While this is a poor illustration of the depth of the UK recession it may partly explain the cause of it. It is certainly a vivid example of the problems attitude and culture can create. How does an employer interview for attitude? How does a business create a culture of care?
It is fairly easy to find out if a candidate for a job has the technical skills needed to do it successfully. Qualifications, experience and simple tests can predict with reasonable certainty fitness for purpose. So why is it reported that nearly half of management hirings fail within the first eighteen months? And if the reports are true that 90% of these failings are due to attitude how can employees demonstrate good attitudes both at interview and when they start work?
Contrary to popular belief, employers seldom look for people to join them who merely perpetuate the existing business. All businesses are subject to swift, sometimes dramatic, change. That implies that the existing culture will need modifying from time to time. This is not to throw out the good aspects of it but to recognise that changing technological and competitive situations will demand a developing, not a static culture.

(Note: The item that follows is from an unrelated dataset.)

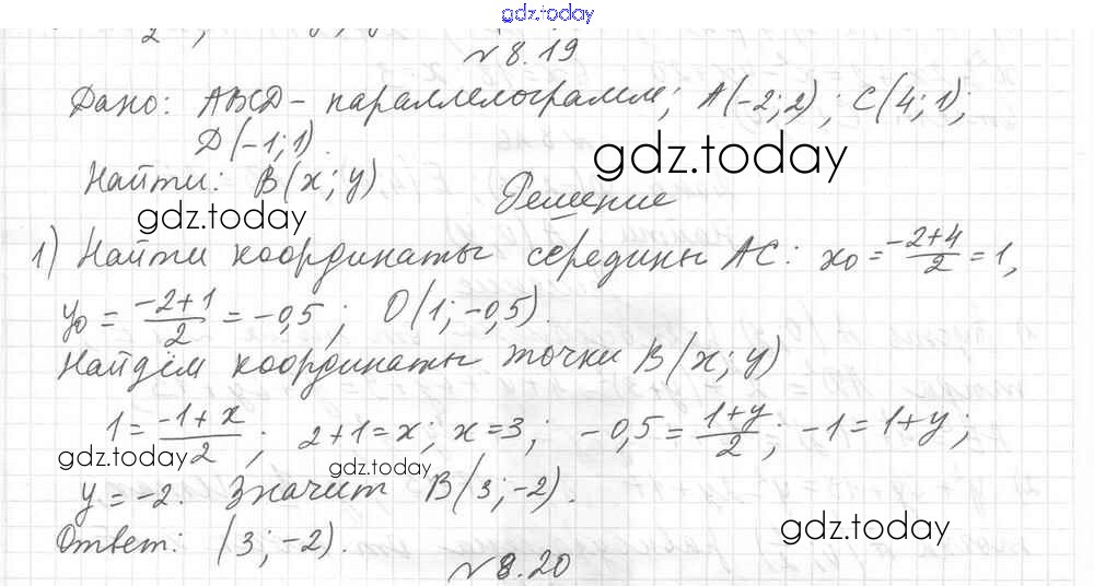 Ответы к §8 Решение к главе 3. Декартовы координаты на плоскости 8.19 Учебнику по Геометрии для 9 класса Мерзляк, Поляков Углубленный уровень Вентана-граф 2019
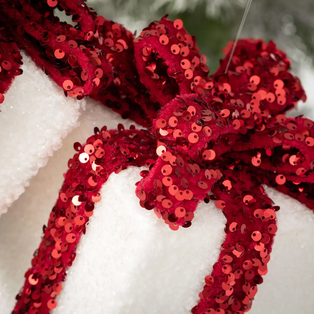 These festive red glitter ornaments will add a touch of whimsy and magic to your Christmas decor. These two simple ornaments feature white packages tied with red glitter bows, adding the right accent of festive cheer. Whether you're decorating a traditional tree or a modern minimalist display, these affordable ornaments will infuse your space with effortless holiday style. • Eye-Catching Design: Add a festive touch to your holiday decor with our Red Glitter Gift Ornaments, featuring vibrant red and white colors accented with sparkling glitter for a dazzling effect. • Generous Size: Each ornament in this set measures an impressive 10 inches tall, 5 inches wide, and 5 inches long, making them perfect for creating a bold statement on your Christmas tree or as standalone decorations. • Quality Polyester Construction: Crafted from high-quality polyester, these ornaments are durable and lightweight, ensuring long-lasting beauty and easy hanging. • Sparkling Red and White: The classic red and white color combination, enhanced with shimmering glitter, adds a festive flair to your holiday display, creating a cheerful atmosphere in your indoor spaces. • Versatile Decorating Options: Hang these glittering gift ornaments on your Christmas tree, wreaths, or garlands, or use them as tabletop accents to infuse your home with holiday cheer and charm. • Experience Timeless Elegance with Sullivan's Home Decor - Celebrating Over 55 Years of Excellence! Explore our extensive collection of quality products, meticulously curated to suit every style, season, and occasion. From classic designs to on-trend accents, Sullivan's Home Decor seamlessly blends tradition with modernity, ensuring there's something special for everyone. Transform your living spaces with our enduring commitment to style and sophistication. • Ornaments measure 5"L x 5"W x 10"H, 5"L x 5"W x 7"H

When interviewing a candidate for a job I look for one vital ingredient beyond the skills needed to perform the work – determination. If everyone I hire is determined it won’t make for an easy ride for me as a boss but it will make the business very successful. How do I recognise that determination? By the candidate’s enthusiasm in preparing for the interview, by the focus the candidate has on the business and me, the interviewer, rather than on himself or herself and by the intelligence and appropriateness of the questions s/he asks me.
What does a determined candidate offer for the business that others don’t?
First, an attitude of success. People who are determined to achieve, achieve. Second, the ability to build on their determination by the key management technique of encouragement. Encouragement spawns enthusiasm; enthusiasm fuels determination. That does not work unless there is a spark of determination to start with.
So when employees have run the gauntlet of an ‘attitude interview’ and got the job what can they do to reinforce and build on the expectations they have so enticingly raised?
For the answer please see my article of 29Sep11 ‘The First Five Hundred Minutes’ http://www.terrificmentors.com/2011/09/the-first-five-hundred-minutes/
Whoever called these the ‘soft skills’ ought to be sued for misrepresentation. They are seriously harder than most of the technical skills. Let us call them the Attitude Skills. They can be found in a wide variety of types and styles of people. Their common factor is that they succeed.